Мы четко осознавали условность игрушки и потому не предъявляли к ней особых требований. Смешны потуги игрушечного пистолета тягаться с боевым, особенно в стремлении изрыгнуть из себя снаряд.
Впрочем, крайне ценилось сходство с настоящим оружием. Однажды я обнаружил в непроходимых кустах сирени чей-то тайник. Там был черный наган, сделанный из редкого для игрушек материала: дерева и металла. И высшим комплиментом находке было сказанное каким-то прохожим дядькой: «А что это у вас за револьвер, ребята, не мелкокалиберный ли?»

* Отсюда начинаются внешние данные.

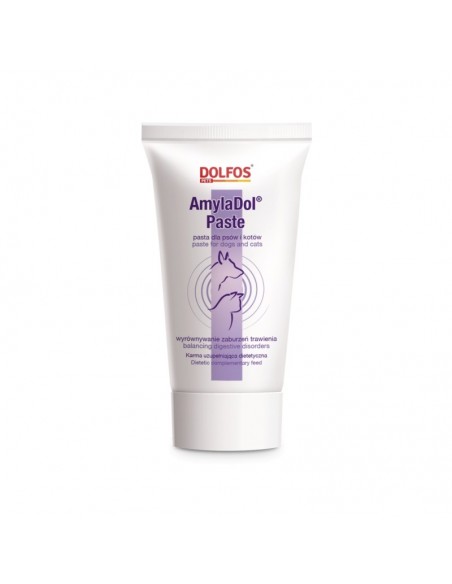 AmylaDol Paste - preparat w postaci pasty dla psów i kotów zawierający enzymy trawienne - amylazę, lipazę i proteazy. AmylaDol wyrównuje zaburzenia trawienia. Zalecana przy zewnątrzwydzielniczej niewydolności trzustki. Opakowanie: 50 g.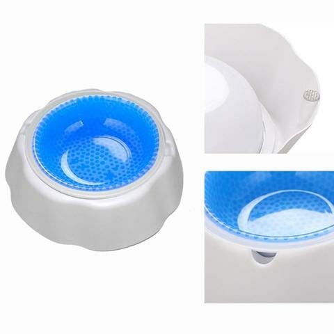 O núcleo da tigela é feito de gel, basta remover a tigela da base e colocar no congelador por 2 horas para que o gel congele e mantenha tudo fresquinho para o seu pet!

У меня, к сожалению, не было игрушечного пистолета Макарова – полностью стального, без искажения пропорций повторяющего формы известного табельного оружия, причем настолько хорошо, что игрушку даже сняли с производства из-за связанной с ней уголовщины. Пистолет одним видом успешно пугал жертву. Его нужно было только перекрасить должным образом. Ходили слухи, что первый выпуск этих пистолетов был с настоящим стволом и механизмом. Класса до шестого я верил, что однажды найду такой «Макаров»…
А потом пистолеты как-то внезапно кончились: мы перестали играть в войну, а заодно – и в самоубийц.

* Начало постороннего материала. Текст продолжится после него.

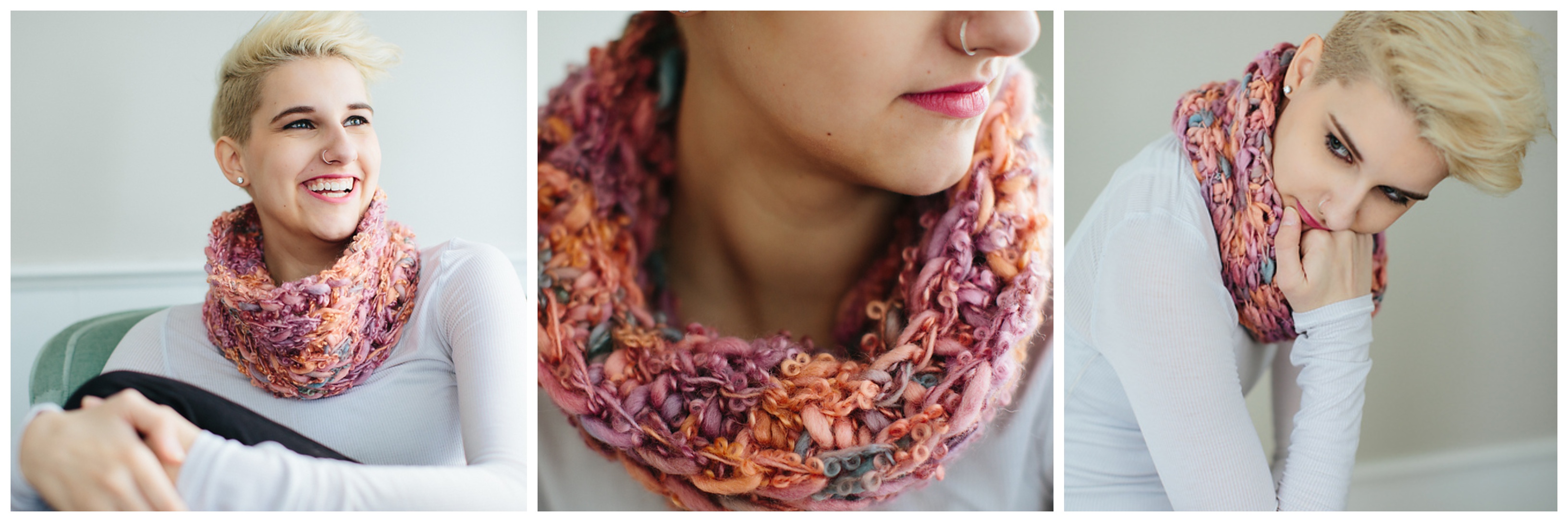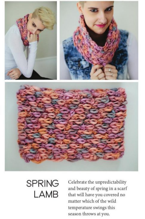 Here are some fun boucle yarns you can add to another yarn from your stash to get the look of this scarf! Hold the strands together as one (use enough strands to equal the weight of a super bulky yarn).

Последний раз я застрелился во сне, уже взрослым человеком. Вначале был довольно болезненный удар в висок, затем лицо начало коченеть. Окостенел подбородок, онемел рот, потерял чувствительность язык. Лицо было смерзшейся тяжестью, как январская земля. Неожиданно моя голова начала крошиться и рассыпаться, словно была из пересохшей глины. Когда череп осыпался, осталась только моя вполне живая удивленная мысль: «Надо же, все-таки застрелился…»

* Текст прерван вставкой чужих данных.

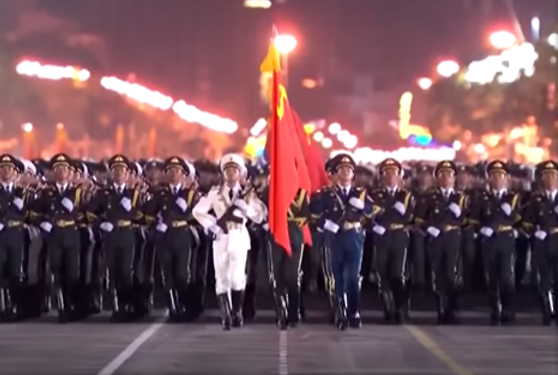 – Trzecia to flaga Ludowej Armii Wyzwolenia Chin z złotą gwiazdą i napisami oznaczającymi datę 1.8.1927. W tym dniu została założona Czerwona Armia Komunistów, która, według słów Mao Zedonga, „zdobyła władzę za pomocą broni”. Xi Jinping stał w milczeniu przed trzema symbolami dzisiejszego Państwa Środka: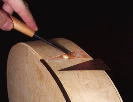 そして平ノミか彫刻刀で薄く剥がしていきます。そこにタイトボンドで三角の黒檀板を貼ります。デザインナイフ等でピッタリに合うように慎重にサイズを調整します。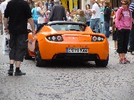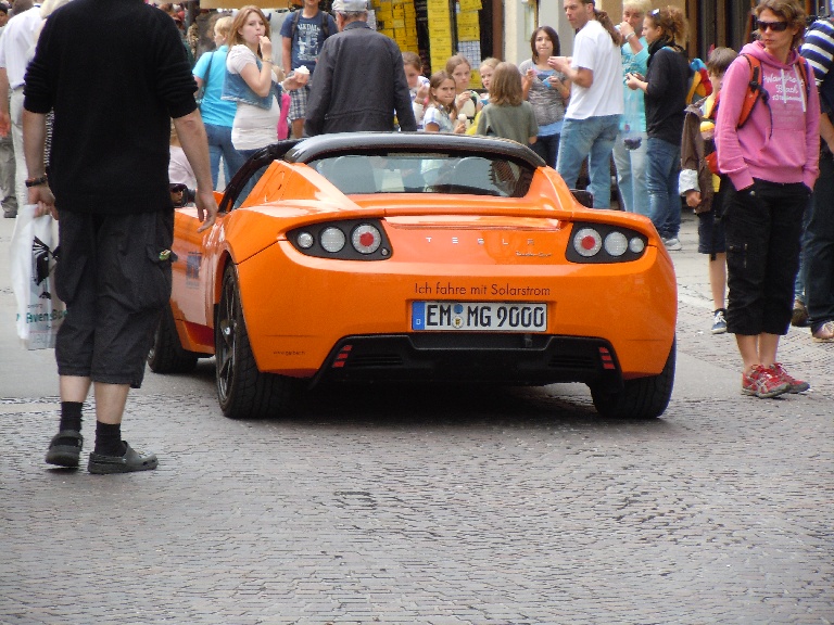 Wieder unten in der Stadt sah man einen Elektro-Roadster Tesla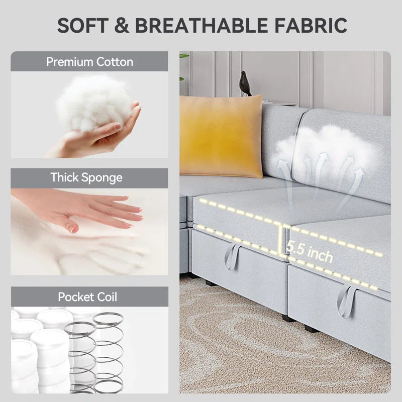 This spacious six-seat L-shaped sofa will improve the comfort and usefulness of your home. With its contemporary charging capabilities and useful storage options, this sofa combines convenience and style. Different space requirements can be accommodated by the variable configuration made possible by the modular design. This sofa not only provides outstanding comfort and durability but also gives your living space a sleek, modern look with its superior linen fabric and contemporary minimalist style.

В начале двухтысячных я впервые увидел в оружейных магазинах «мертвецов». До того появилось оружие «надувное». Аналогия с секс-шопом напрашивалась сама. Газовые пистолеты и револьверы, повторяющие формы и пропорции своих настоящих огнестрельных собратьев, так же походили на оружие, как надувная растопыренная баба на настоящую живую женщину. Все это газовое и пневматическое изобилие навевало чертовское уныние. «Надувные» пистолеты даже пахли пошлым резиновым парфюмом, а не «человеческим» масляно-пороховым духом. Они напоминали глянцевую молодежь – шеренги селекционных кастратов, когда-то из гуманизма лишенных признаков пола и убивающей силы. Но даже эти, «надувные», еще были живыми – одушевленными слезоточивым газом или «пневмой».